● Work instructions
Using the listing below, copy exactly each line from the one that has "Уполномоченный по трудоиспользованию" through the one that has "Król Zygmunt II"; omit the pictures.
++++++++++
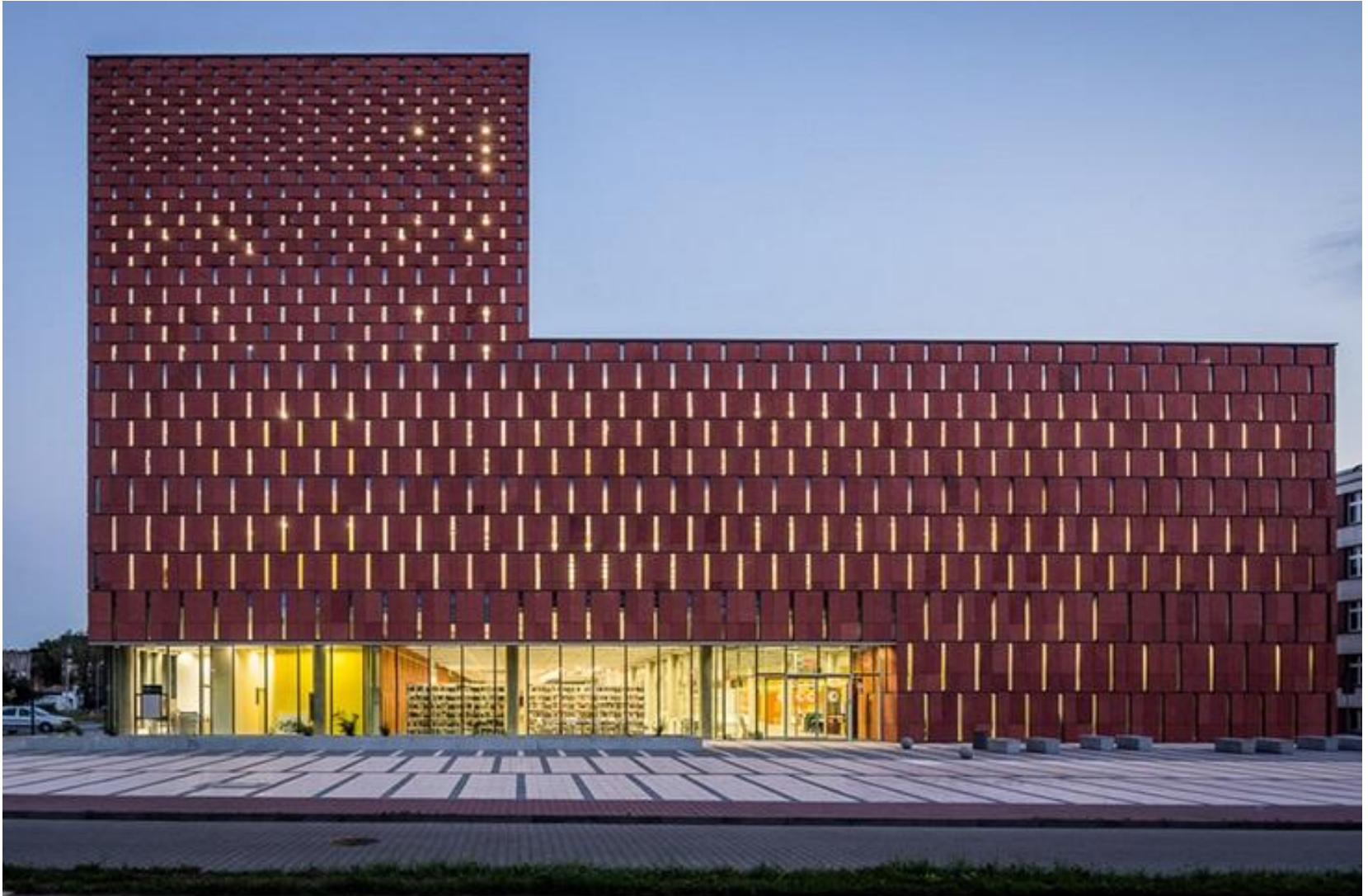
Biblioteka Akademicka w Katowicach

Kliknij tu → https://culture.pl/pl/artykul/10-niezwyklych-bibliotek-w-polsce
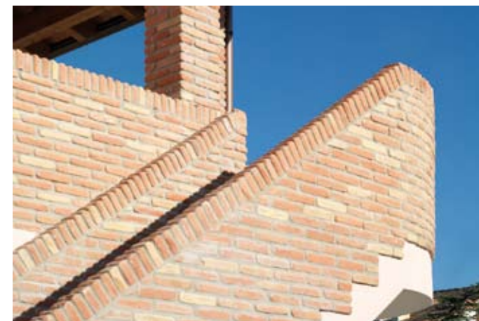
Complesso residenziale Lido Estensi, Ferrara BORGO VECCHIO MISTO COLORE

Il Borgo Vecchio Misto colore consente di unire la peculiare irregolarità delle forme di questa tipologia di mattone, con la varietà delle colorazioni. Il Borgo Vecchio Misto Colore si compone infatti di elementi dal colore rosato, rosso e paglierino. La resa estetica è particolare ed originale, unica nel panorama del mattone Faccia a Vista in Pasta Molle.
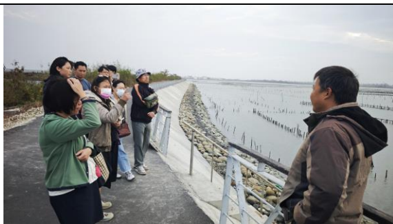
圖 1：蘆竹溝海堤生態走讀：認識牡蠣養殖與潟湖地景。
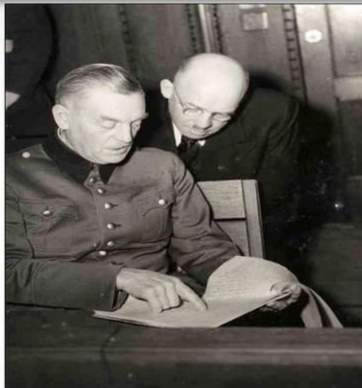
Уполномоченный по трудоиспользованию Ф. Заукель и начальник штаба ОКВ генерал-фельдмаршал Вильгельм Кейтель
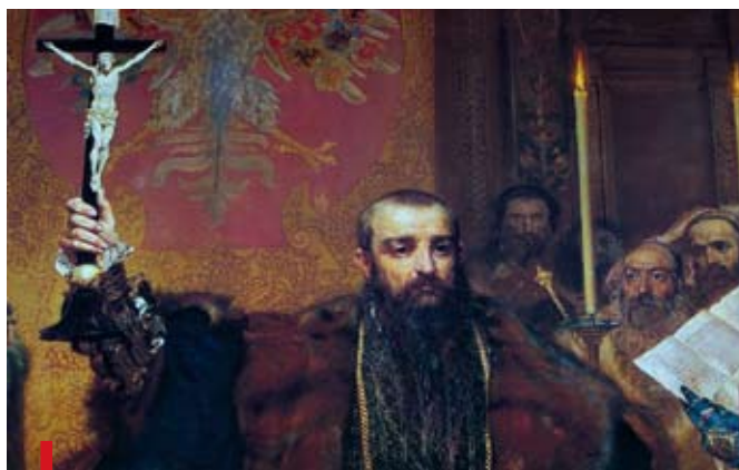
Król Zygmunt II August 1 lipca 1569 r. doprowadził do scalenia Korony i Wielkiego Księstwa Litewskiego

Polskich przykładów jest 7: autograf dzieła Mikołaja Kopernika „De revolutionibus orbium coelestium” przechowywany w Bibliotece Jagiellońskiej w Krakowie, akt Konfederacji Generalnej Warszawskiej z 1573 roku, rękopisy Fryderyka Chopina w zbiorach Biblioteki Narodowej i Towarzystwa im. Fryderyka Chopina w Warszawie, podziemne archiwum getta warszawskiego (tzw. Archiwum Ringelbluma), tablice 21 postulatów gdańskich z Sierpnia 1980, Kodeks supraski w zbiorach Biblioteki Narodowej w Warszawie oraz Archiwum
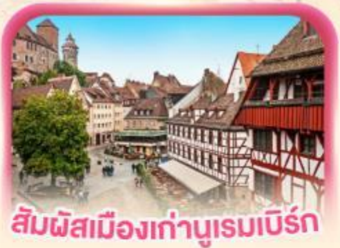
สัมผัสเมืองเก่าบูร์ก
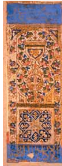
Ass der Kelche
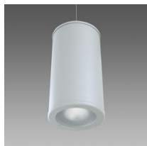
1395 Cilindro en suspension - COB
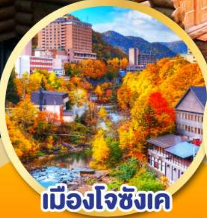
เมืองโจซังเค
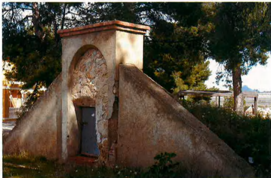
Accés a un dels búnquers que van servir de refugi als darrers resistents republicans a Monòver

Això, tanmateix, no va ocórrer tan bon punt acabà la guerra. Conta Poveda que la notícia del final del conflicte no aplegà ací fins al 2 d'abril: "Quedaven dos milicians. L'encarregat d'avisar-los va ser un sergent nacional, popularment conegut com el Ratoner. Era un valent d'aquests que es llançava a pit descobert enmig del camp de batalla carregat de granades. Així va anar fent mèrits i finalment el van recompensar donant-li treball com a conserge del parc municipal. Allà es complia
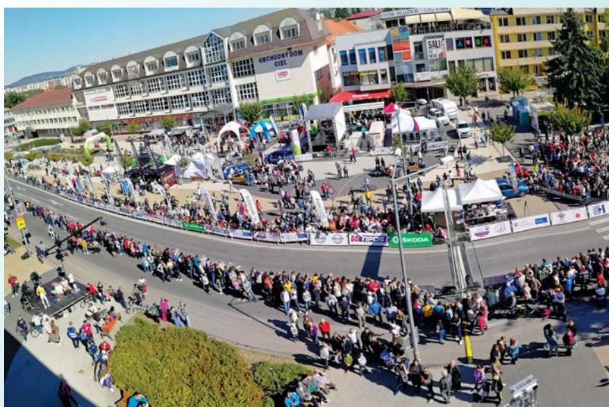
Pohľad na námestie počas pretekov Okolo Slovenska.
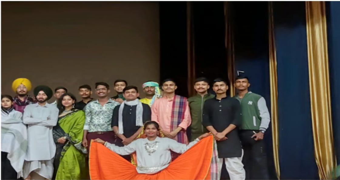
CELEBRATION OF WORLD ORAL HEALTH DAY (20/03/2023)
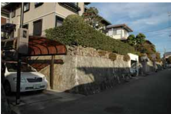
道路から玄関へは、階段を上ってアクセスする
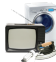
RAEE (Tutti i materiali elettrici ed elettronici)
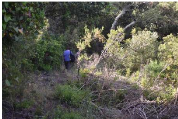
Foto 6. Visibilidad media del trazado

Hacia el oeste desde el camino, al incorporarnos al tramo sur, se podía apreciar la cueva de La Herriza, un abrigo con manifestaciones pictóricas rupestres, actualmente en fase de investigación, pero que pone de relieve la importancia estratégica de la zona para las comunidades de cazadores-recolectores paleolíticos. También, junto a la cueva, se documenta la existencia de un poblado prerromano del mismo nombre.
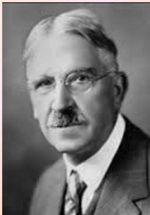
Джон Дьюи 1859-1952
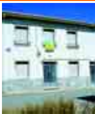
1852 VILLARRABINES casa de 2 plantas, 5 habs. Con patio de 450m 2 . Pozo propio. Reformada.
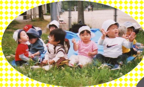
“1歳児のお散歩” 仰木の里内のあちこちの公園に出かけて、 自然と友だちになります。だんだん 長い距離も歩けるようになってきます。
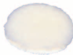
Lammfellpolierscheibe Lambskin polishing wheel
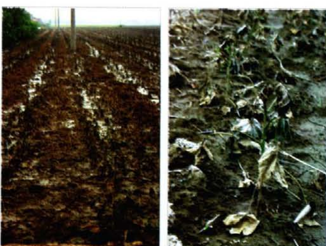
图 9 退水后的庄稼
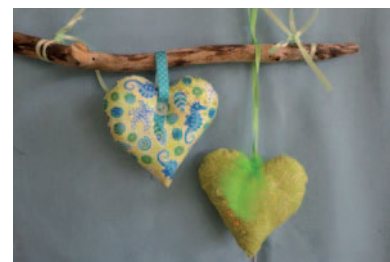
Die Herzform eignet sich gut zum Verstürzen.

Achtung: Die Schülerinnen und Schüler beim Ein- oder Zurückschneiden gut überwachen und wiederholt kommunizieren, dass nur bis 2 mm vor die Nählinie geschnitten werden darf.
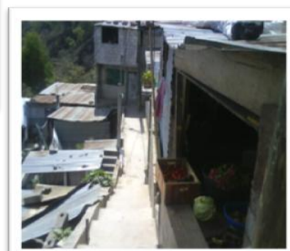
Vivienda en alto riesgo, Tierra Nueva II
++++++++++
● Result of the task
Уполномоченный по трудоиспользованию Ф. Заукель и начальник штаба ОКВ генерал-фельдмаршал Вильгельм Кейтель
Król Zygmunt II August 1 lipca 1569 r. doprowadził do scalenia Korony i Wielkiego Księstwa Litewskiego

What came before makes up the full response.